INFO [alembic.runtime.migration] Will assume transactional DDL.
INFO [alembic.runtime.migration] Running stamp_revision -> 3345511706b8
Add Access Control List¶
Add a grid access control list file in /opt/rucio/etc/gacl
:
curl https://git.ligo.org/james-clark/gwrucio/raw/master/configs/server/gacl -o /opt/rucio/etc/gacl
Root Account Setup¶
Full details of account setup can be found in rucio administration
These instructions assume an IGTF X509 host certificate has been installed on the server.

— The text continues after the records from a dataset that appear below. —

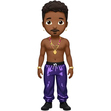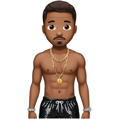 Stevie J, Record Producer with dark brown hair, black sequin baggy pants, shirtless with necklace emoji
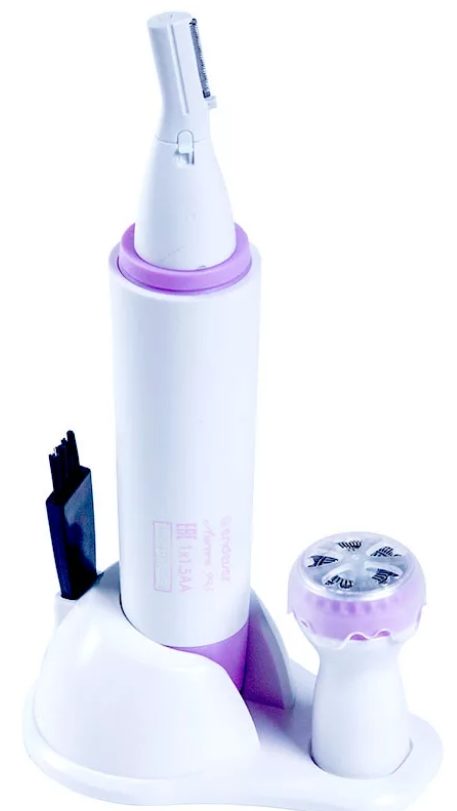 Un appareil polyvalent facile à utiliser et peu coûteux d'un fabricant chinois.Convient pour façonner les sourcils et couper les poils du visage et du corps. Il existe deux pièces jointes pour ces fonctions. Celui qui pour le corps a une forme ronde inhabituelle. L'outil est sur un support, une brosse est attachée pour en prendre soin après les procédures. Il ne peut être utilisé que pour le rasage à sec, le corps est en plastique et laisse passer l'humidité. Il y a un rétro-éclairage qui aide à éliminer les poils dans les endroits difficiles d'accès. Cet outil peut également être utilisé par les hommes pour tailler leur barbe et leur moustache. Prix moyen : environ 1000 roubles.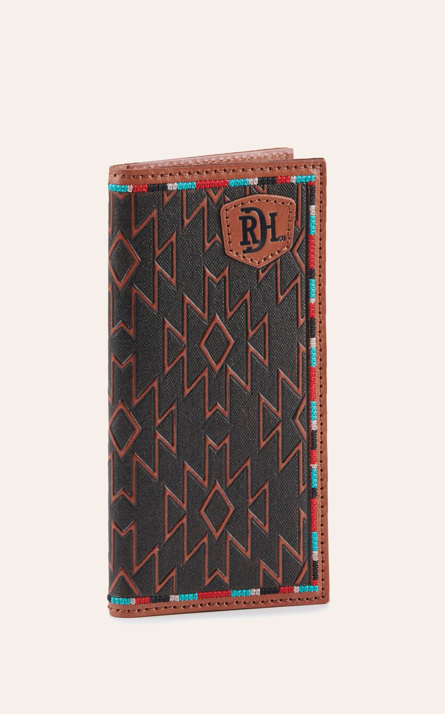 Red Dirt Hat Co. Brown Leather with Colorful Aztec Stitching Rodeo Wallet - NOSZ - From Cavender's

Creating the database adds a root account with default username/password. Add an X509 identity and then change that password ASAP. Add the host certificate X509 identity to the root account:
openssl x509 -in /etc/grid-security/hostcert.pem -noout -subject
subject= /DC=org/DC=incommon/C=US/ST=CA/L=Pasadena/O=California Institute of Technology/OU=Laser Interferometer Gravitational-Wave Observatory/CN=rucio.ligo.caltech.edu
[root@rucio rucio]# rucio-admin identity add --account root --type X509 --id "/DC=org/DC=incommon/C=US/ST=CA/L=Pasadena/O=California Institute of Technology/OU=Laser Interferometer Gravitational-Wave Observatory/CN=rucio.ligo.caltech.edu" --email james.clark@ligo.org
Added new identity to account: /DC=org/DC=incommon/C=US/ST=CA/L=Pasadena/O=California Institute of Technology/OU=Laser Interferometer Gravitational-Wave Observatory/CN=rucio.ligo.caltech.edu-root
Configure the client on the server to use the server’s host x509 certificate. Edit /opt/rucio/etc/rucio.cfg
:
[client]
;auth_type = userpass
username = ddmlab
password = secret
auth_type = x509
client_cert = /etc/grid-security/hostcert.pem
client_key = /etc/grid-security/hostkey.pem
Delete default identities
rucio-admin identity delete --account root --type GSS --id "ddmlab@CERN.CH"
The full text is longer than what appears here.